Dataset records

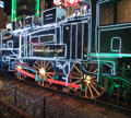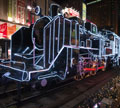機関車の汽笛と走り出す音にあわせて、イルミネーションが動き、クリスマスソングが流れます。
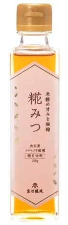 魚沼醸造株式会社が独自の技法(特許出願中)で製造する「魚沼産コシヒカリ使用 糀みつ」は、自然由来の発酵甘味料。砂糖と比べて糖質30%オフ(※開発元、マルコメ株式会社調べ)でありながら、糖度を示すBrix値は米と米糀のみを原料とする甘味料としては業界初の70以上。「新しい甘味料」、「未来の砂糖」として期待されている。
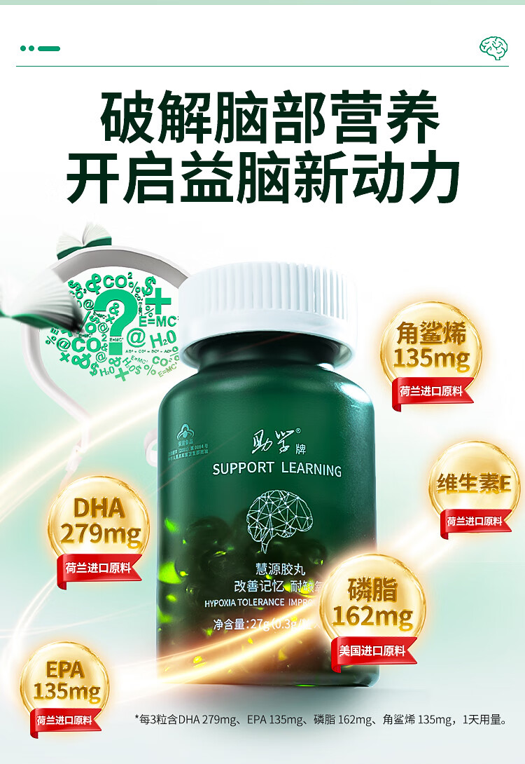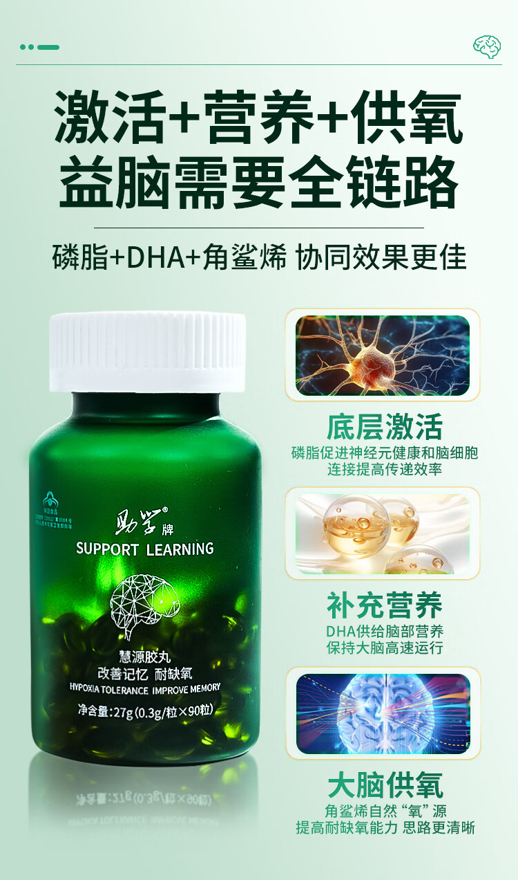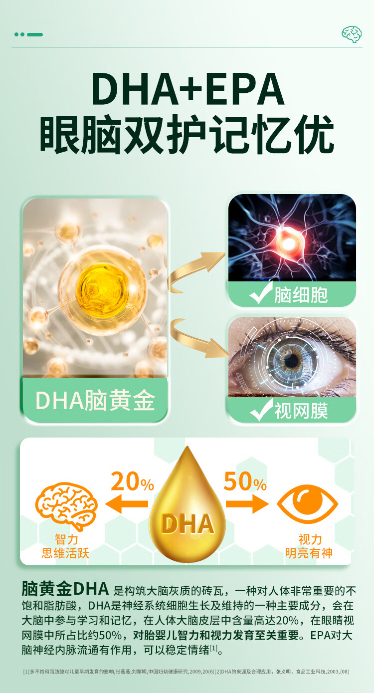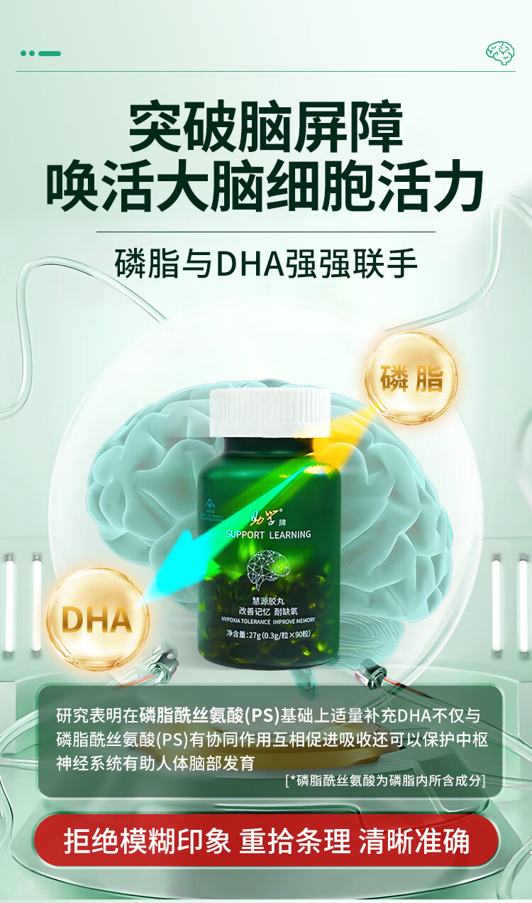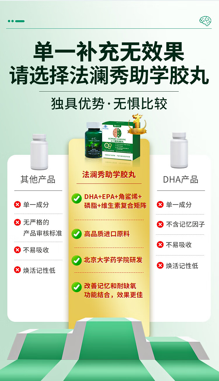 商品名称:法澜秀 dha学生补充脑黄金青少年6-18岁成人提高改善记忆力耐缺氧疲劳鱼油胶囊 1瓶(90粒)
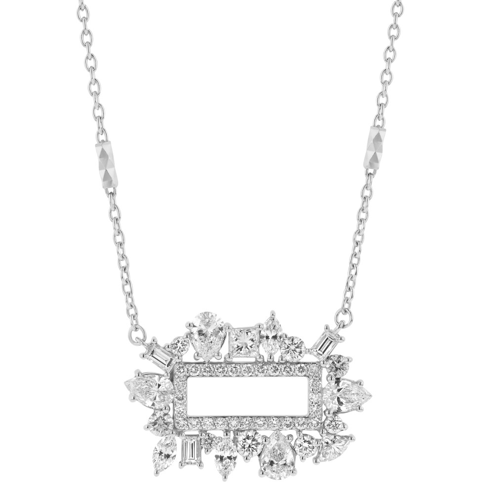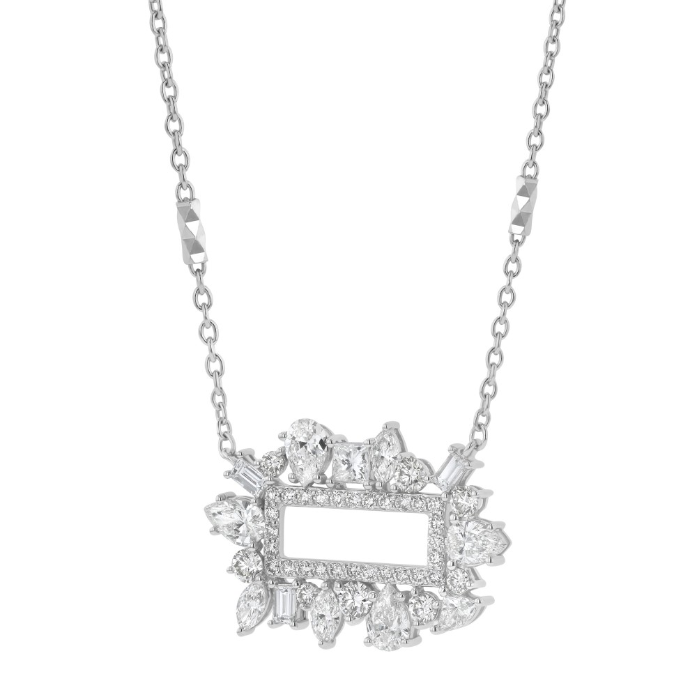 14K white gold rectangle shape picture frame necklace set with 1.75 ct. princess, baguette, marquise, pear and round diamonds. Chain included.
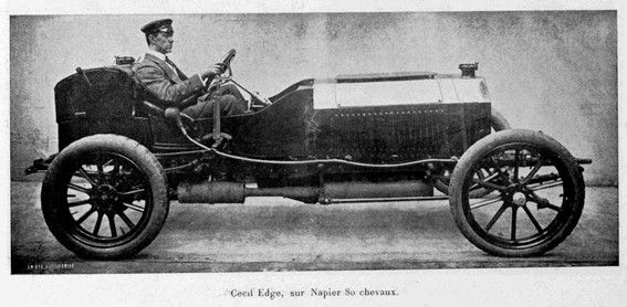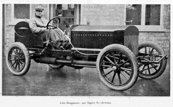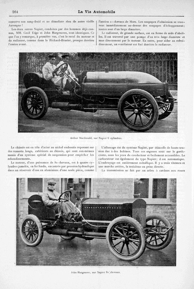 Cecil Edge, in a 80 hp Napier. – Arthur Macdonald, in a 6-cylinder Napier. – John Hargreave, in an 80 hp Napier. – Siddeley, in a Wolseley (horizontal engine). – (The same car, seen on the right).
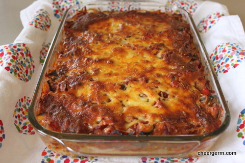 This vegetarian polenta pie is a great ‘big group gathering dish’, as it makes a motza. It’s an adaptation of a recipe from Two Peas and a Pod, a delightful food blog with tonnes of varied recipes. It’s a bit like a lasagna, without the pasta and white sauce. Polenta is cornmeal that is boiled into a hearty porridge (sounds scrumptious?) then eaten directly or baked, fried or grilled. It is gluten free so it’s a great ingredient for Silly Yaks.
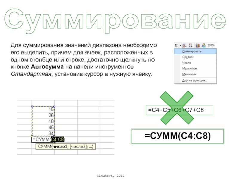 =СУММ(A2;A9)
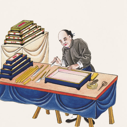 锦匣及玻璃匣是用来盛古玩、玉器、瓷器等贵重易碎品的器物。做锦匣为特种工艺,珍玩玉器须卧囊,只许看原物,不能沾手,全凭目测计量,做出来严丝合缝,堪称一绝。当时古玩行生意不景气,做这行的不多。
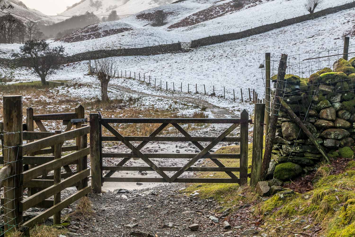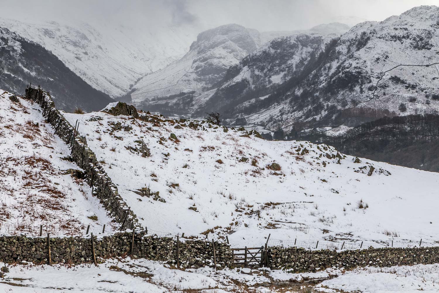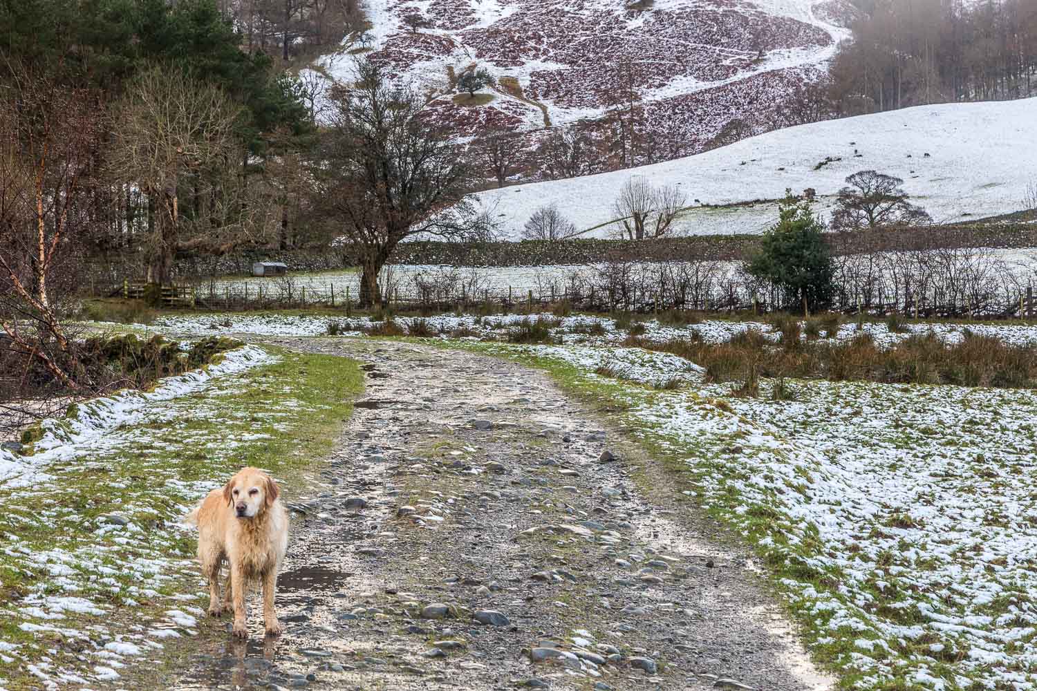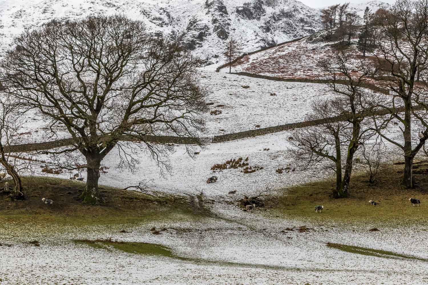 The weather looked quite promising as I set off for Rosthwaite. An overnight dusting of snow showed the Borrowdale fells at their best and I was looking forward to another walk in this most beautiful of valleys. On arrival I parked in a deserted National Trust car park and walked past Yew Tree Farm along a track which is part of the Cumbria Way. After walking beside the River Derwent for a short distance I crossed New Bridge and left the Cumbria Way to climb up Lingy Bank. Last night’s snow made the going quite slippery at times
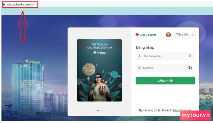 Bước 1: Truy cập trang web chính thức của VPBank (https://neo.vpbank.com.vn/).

_EXERCISE DIRECTIONS_
All of the data above should be quoted exactly, except for the pictures.

_EXERCISE SOLUTION_
機関車の汽笛と走り出す音にあわせて、イルミネーションが動き、クリスマスソングが流れます。
 魚沼醸造株式会社が独自の技法(特許出願中)で製造する「魚沼産コシヒカリ使用 糀みつ」は、自然由来の発酵甘味料。砂糖と比べて糖質30%オフ(※開発元、マルコメ株式会社調べ)でありながら、糖度を示すBrix値は米と米糀のみを原料とする甘味料としては業界初の70以上。「新しい甘味料」、「未来の砂糖」として期待されている。
 商品名称:法澜秀 dha学生补充脑黄金青少年6-18岁成人提高改善记忆力耐缺氧疲劳鱼油胶囊 1瓶(90粒)
 14K white gold rectangle shape picture frame necklace set with 1.75 ct. princess, baguette, marquise, pear and round diamonds. Chain included.
 Cecil Edge, in a 80 hp Napier. – Arthur Macdonald, in a 6-cylinder Napier. – John Hargreave, in an 80 hp Napier. – Siddeley, in a Wolseley (horizontal engine). – (The same car, seen on the right).
 This vegetarian polenta pie is a great ‘big group gathering dish’, as it makes a motza. It’s an adaptation of a recipe from Two Peas and a Pod, a delightful food blog with tonnes of varied recipes. It’s a bit like a lasagna, without the pasta and white sauce. Polenta is cornmeal that is boiled into a hearty porridge (sounds scrumptious?) then eaten directly or baked, fried or grilled. It is gluten free so it’s a great ingredient for Silly Yaks.
 =СУММ(A2;A9)
 锦匣及玻璃匣是用来盛古玩、玉器、瓷器等贵重易碎品的器物。做锦匣为特种工艺,珍玩玉器须卧囊,只许看原物,不能沾手,全凭目测计量,做出来严丝合缝,堪称一绝。当时古玩行生意不景气,做这行的不多。
 The weather looked quite promising as I set off for Rosthwaite. An overnight dusting of snow showed the Borrowdale fells at their best and I was looking forward to another walk in this most beautiful of valleys. On arrival I parked in a deserted National Trust car park and walked past Yew Tree Farm along a track which is part of the Cumbria Way. After walking beside the River Derwent for a short distance I crossed New Bridge and left the Cumbria Way to climb up Lingy Bank. Last night’s snow made the going quite slippery at times
 Bước 1: Truy cập trang web chính thức của VPBank (https://neo.vpbank.com.vn/).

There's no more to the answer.